** Data records follows **

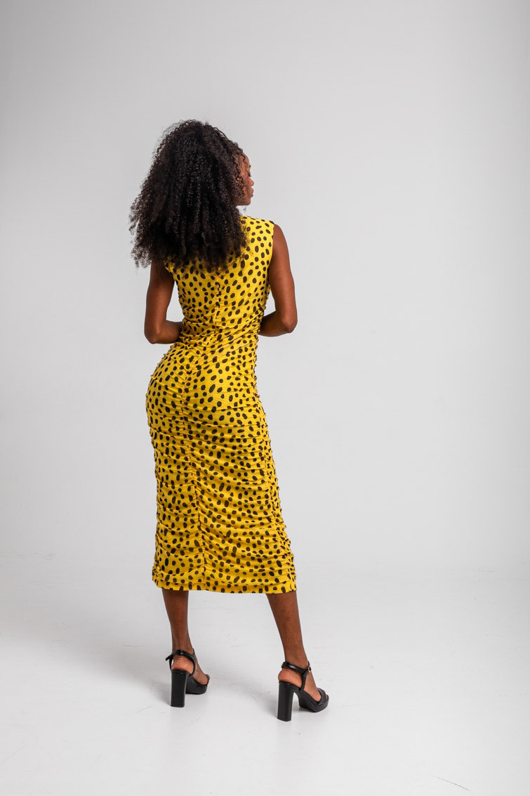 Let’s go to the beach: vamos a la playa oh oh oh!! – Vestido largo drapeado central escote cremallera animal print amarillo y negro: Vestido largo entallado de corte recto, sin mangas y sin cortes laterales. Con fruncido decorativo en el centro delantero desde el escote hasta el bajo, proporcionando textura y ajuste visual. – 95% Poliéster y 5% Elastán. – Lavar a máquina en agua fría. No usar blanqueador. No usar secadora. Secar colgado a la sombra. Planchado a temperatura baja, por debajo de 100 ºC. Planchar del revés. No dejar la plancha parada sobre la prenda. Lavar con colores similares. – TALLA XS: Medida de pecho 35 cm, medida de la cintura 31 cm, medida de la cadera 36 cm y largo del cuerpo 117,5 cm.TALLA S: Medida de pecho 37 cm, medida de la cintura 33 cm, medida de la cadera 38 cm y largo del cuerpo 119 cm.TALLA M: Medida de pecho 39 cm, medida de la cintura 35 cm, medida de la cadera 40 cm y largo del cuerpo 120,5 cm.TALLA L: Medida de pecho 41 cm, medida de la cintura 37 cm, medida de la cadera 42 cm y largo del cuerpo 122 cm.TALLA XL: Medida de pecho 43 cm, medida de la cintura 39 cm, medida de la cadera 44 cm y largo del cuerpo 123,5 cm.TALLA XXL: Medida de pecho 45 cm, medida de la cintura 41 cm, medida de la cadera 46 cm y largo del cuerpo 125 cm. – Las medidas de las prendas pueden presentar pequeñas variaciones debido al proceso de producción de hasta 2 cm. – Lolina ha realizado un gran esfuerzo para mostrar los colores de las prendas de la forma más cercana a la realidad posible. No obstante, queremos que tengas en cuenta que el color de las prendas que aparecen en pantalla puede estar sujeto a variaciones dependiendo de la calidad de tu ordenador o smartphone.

** End of Data records **
** Data records follows **

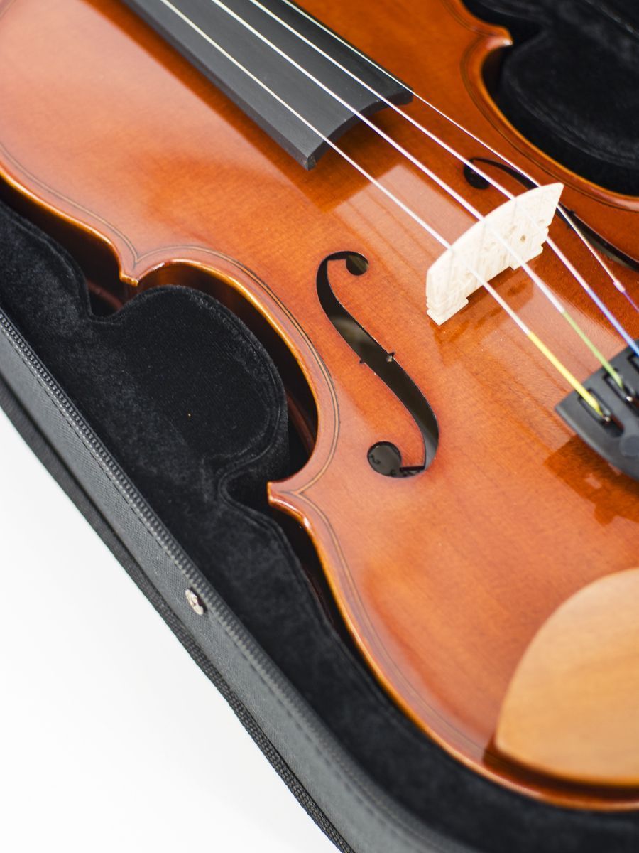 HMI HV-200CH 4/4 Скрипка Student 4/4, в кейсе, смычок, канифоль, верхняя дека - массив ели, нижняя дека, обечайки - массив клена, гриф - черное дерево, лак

** End of Data records **
** Data records follows **

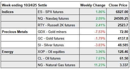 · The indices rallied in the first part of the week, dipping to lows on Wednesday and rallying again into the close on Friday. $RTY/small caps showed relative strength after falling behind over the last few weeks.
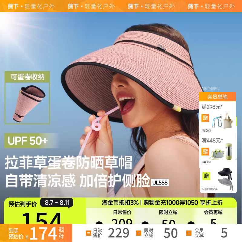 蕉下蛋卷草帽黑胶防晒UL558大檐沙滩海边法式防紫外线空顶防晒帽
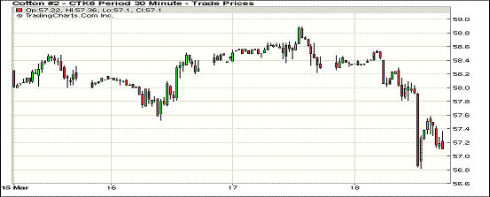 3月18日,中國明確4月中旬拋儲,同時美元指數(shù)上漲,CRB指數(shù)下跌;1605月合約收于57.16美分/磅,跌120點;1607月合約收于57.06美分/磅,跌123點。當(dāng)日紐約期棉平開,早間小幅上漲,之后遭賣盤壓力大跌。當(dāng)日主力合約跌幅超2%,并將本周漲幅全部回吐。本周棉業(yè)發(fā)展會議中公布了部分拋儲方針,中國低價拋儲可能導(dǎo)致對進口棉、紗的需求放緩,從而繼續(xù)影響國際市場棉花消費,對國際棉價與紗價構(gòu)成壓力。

** End of Data records **

Brief: Give exactly the lines above that run from the line with "蕉下蛋卷草帽黑胶防晒UL558大檐沙滩海边法式防紫外线空顶防晒帽" to the line with "3月18日,中國明確4月中旬", both included, leaving every picture out.

Exercise result:
 蕉下蛋卷草帽黑胶防晒UL558大檐沙滩海边法式防紫外线空顶防晒帽
 3月18日,中國明確4月中旬拋儲,同時美元指數(shù)上漲,CRB指數(shù)下跌;1605月合約收于57.16美分/磅,跌120點;1607月合約收于57.06美分/磅,跌123點。當(dāng)日紐約期棉平開,早間小幅上漲,之后遭賣盤壓力大跌。當(dāng)日主力合約跌幅超2%,并將本周漲幅全部回吐。本周棉業(yè)發(fā)展會議中公布了部分拋儲方針,中國低價拋儲可能導(dǎo)致對進口棉、紗的需求放緩,從而繼續(xù)影響國際市場棉花消費,對國際棉價與紗價構(gòu)成壓力。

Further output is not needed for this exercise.